Learn French, it’s good for you

You can’t go far with food discussions without relating to French influence. They still are known to be the greatest gourmands, with some of the best world chefs mastering their cuisine arts. Notice the crucial gastronomy related words are French, as a proud patriotic reminder of where it has started – the glorification and dedication to perfection of taste. Even the simplest rustic pie has a fancy name galette, which already sounds like one of the ballet pirouettes. Not just perfection with food preparation, their meals are more of an eating rituals aka. feasts. Despite the fact their food is heavy with red meat, sugar and fat along with generous amount of alcohol, French people are fit as a butcher’s dog.

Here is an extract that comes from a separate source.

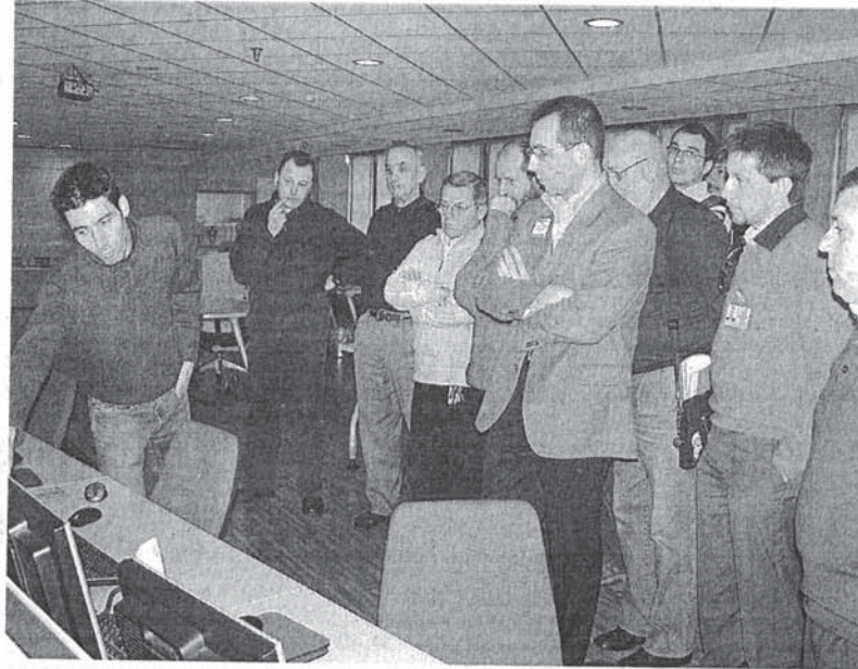
Il gruppo dei radioamatori magentini in visita alla sala di controllo della P.C.

"Inoltre - ha aggiunto Ferdani - un sofisticato sistema infotelematico di gestione dell'emergenza, con 24 postazioni di controllo, sempre in funzione, connesse anche via radio e via satellite alle sale operative di Enti locali e altre forze operative, con una protezione assoluta da blackout e da possibili cadute di linee, rende costante il monitoraggio delle situazioni di rischio e il collegamento con le

In the time of nutritional and calorie values, we tend to forget, the food is a source of energy which can not be valued only by it’s scientifical measurements. Use fresh quality ingredients in every recipe, served in good company with some silliness on the side to experience the benefits of french diet. Oh, and don’t forget another french word often heard at the table – Répéter.

Here is a simple yet elegant galette with artisan bakery quality, so do not make it to perfect – it’s ok to be a little messy and dripping, just make sure it’s moist and crunchy at the same time.

Plum galette

For the crust

  • 2 1/4 cups whole spelt flour (or all purpose flour)
  • 1 tsp salt
  • 1 Tbsp. sugar
  • 12 Tbsp (1 1/2 sticks) very cold unsalted butter, cut into small cubes
  • 3 Tbsp ice water


  • 1 pound of sliced plums
  • 4 Tbsp of sweet homemade plum marmalade
  • 2 Tbsp of sugar

Make the crust: in the bowl of a stand mixer or in a large mixing bowl, combine flour and salt (and sugar, if you’re not using agave nectar). Gradually add pieces of butter and mix on low using the paddle attachment (or mix using your hands, if not using a stand mixer) until the mixture looks sandy, with pea size and smaller pieces of butter still visible. If using agave nectar, mix with cold water and gradually add to the flour/butter mix until a dough forms. Shape into a flat disc, wrap with plastic wrap, and refrigerate for at least 1 hour. Keeping it cold is essential for achieving the flaky crunchiness of the crust.

Preheat oven to 350 degrees. On a floured surface, roll dough to half centimeters thick.  Assembly step begins with spreading the marmalade on the dough, sprinkle with sugar and arrange sliced plums on the marmalade layer in as close to a single layer as you can get. Fold edges of dough over the plums. Refrigerate 15 minutes. Bake for 40 to 45 minutes. Before serving you can sprinkle it with chopped grilled hazelnuts for extra crunchiness.